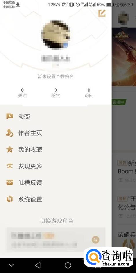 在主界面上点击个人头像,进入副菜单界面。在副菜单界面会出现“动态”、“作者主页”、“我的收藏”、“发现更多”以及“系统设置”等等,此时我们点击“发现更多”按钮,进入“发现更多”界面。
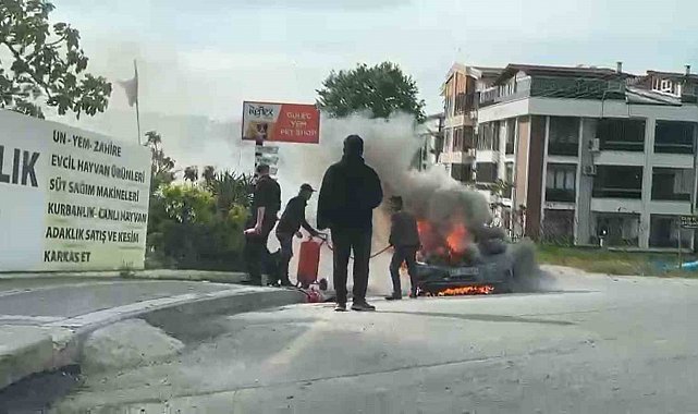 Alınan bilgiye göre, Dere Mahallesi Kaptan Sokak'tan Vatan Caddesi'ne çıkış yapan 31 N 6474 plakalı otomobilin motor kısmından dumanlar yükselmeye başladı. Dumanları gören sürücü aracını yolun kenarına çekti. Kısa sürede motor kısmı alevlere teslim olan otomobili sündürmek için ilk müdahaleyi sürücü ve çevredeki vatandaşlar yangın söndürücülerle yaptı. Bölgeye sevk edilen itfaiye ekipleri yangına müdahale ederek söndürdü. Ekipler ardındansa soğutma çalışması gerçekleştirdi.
──────
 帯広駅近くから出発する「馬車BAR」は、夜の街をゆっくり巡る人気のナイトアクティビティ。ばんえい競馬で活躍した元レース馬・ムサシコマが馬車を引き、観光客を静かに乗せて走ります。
──────
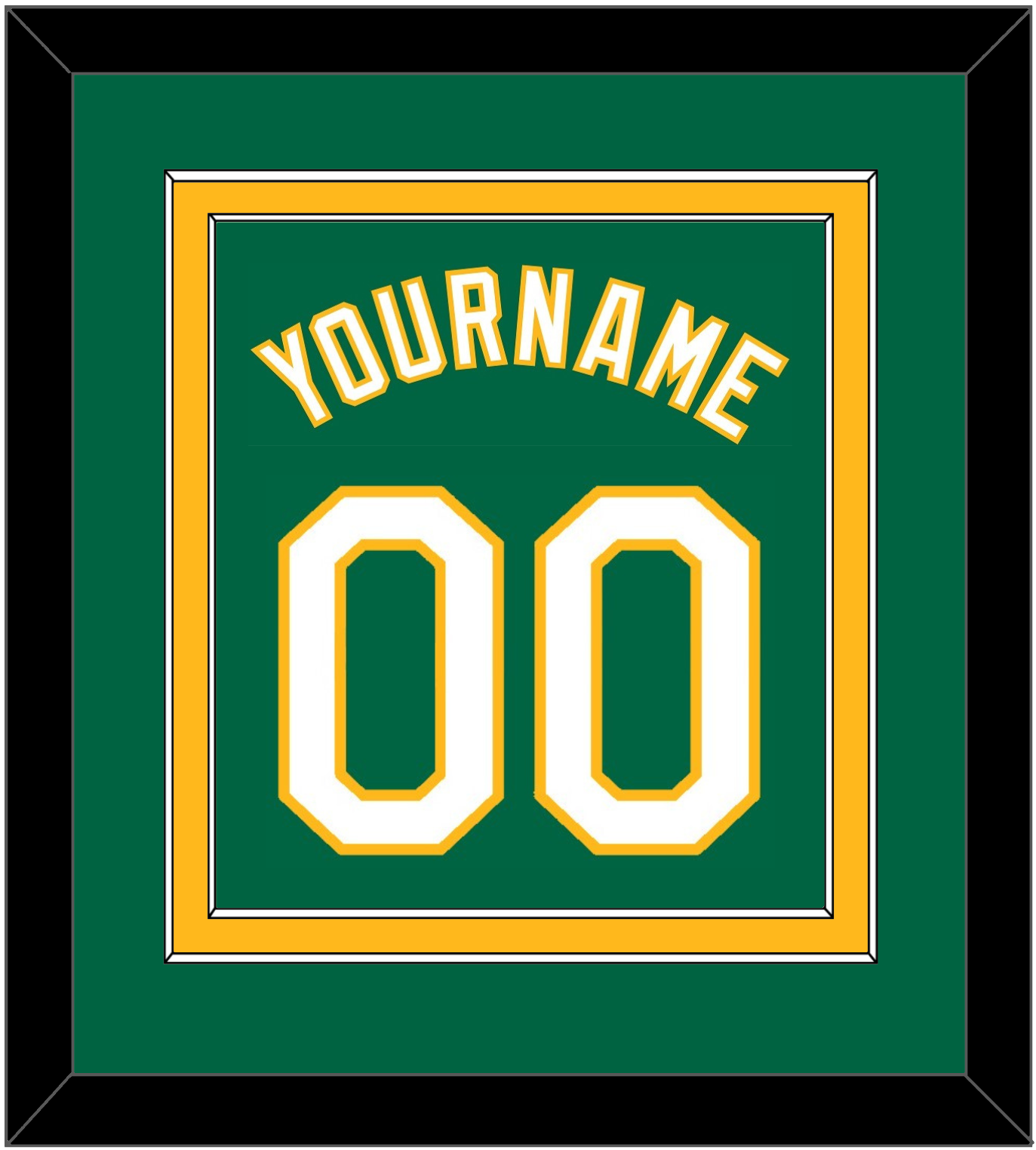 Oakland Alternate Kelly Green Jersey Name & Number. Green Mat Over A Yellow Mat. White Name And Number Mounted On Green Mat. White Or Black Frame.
──────
__What is needed__
Copy the lines above between the one holding "在主界面上点击个人头像,进入" and the one holding "Alınan bilgiye göre, Dere", inclusive. Drop the pictures.

__Worked solution__
 在主界面上点击个人头像,进入副菜单界面。在副菜单界面会出现“动态”、“作者主页”、“我的收藏”、“发现更多”以及“系统设置”等等,此时我们点击“发现更多”按钮,进入“发现更多”界面。
 Alınan bilgiye göre, Dere Mahallesi Kaptan Sokak'tan Vatan Caddesi'ne çıkış yapan 31 N 6474 plakalı otomobilin motor kısmından dumanlar yükselmeye başladı. Dumanları gören sürücü aracını yolun kenarına çekti. Kısa sürede motor kısmı alevlere teslim olan otomobili sündürmek için ilk müdahaleyi sürücü ve çevredeki vatandaşlar yangın söndürücülerle yaptı. Bölgeye sevk edilen itfaiye ekipleri yangına müdahale ederek söndürdü. Ekipler ardındansa soğutma çalışması gerçekleştirdi.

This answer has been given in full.